For much of the rest of the time in Montreal I hung out with the crew I’d met in the karaoke bar: Carolyne, Catherine, Alain, Max and Marc-André. While I’ve meet some great people along the way and enjoyed their company, the interaction has mostly been short in duration either because of my own travel or simply no natural follow on. I’m glad to say these are first new friends I’ve meet on this trip. We had a few great nights on the beer, lunches and I was allowed the privilege of cooking a BBQ one evening, having boasted about my grill prowess. Shame I overcooked the spinach though. And Catherine kindly invited me to her birthday dinner also. An additional benefit of hanging out with my new friends was that it allowed me not to visit any Irish Pubs! I also tagged along to a Canadian Corn Party which one of their friends hosted. The theme reminded me somewhat of a Swedish Crayfish Party, were instead of honouring the crustacean homage for a good harvest is given to this yellow vegetable on the cob. And like the Swedish counterpart songs are encouraged. Jean-Eric the host impressed with three witty campfire songs. It really is remarkable how someone can hold court at a party by simply singing a tune. I was somewhat envious and made a mental note to correct this gap in my CV. The karaoke commitment is a good first step and surprisingly a great way to meet people.

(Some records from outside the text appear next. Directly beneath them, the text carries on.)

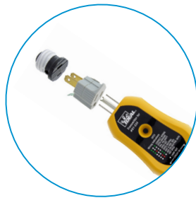
Lead Adapter Kit Provides adapters for use in lighting fixtures.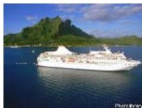
The Secret to Getting Highly Discounted Cruise Tickets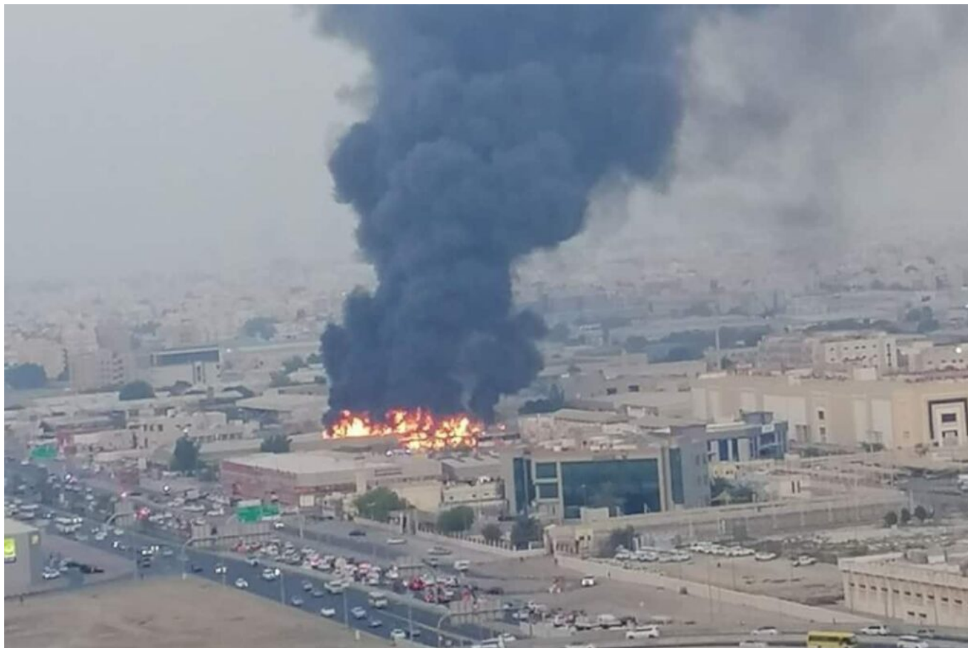
Smoke and flames from oil tankers targeted near OMAA/Abu Dhabi Airport.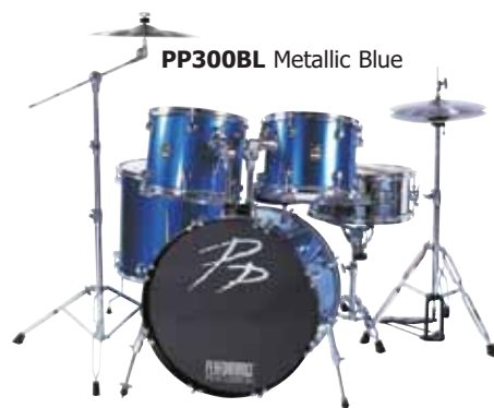
PP300BL Metallic Blue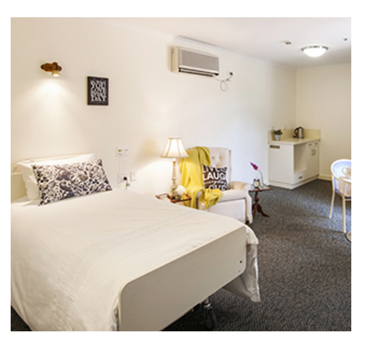
Extra Large Single Room Cost $875,000

After a week and a half it was time to move on. Before leaving the guesthouse I called in on Victorio the owner and Paul the caretaker. The former told me his story of growing up in Beirut as a young child, as an adult in Italy and of his gambling days in Canada before he redeemed himself and now owns a number of properties and convenience stores. His offer to call upon if I was in any kind of trouble was genuine and appreciated. As for Paul, despite his cancer (which Doctors said he wouldn’t see Christmas) he checked with me each day to see if everything was ok and if I needed anything. Glad I left him a generous tip to buy a couple of drinks. He helped to carry my luggage to the bike and his “I’ll see you next year when you come back” was more than just a hospitable farewell but rather a statement of his own hope. A handshake seemed derisory so I gave him a hug and said “I’d like that too”. As I drove off, I noticed his courage and bravery was infectious and I left feeling better about myself and the world in general.

My first ever visit to Canada was superb and definitely worth revisiting Montreal and its enviers. Lot’s to see and do in the city, where the people are honest and friendly and I’ve met some smashing friends. Merci beaucoup Quebec.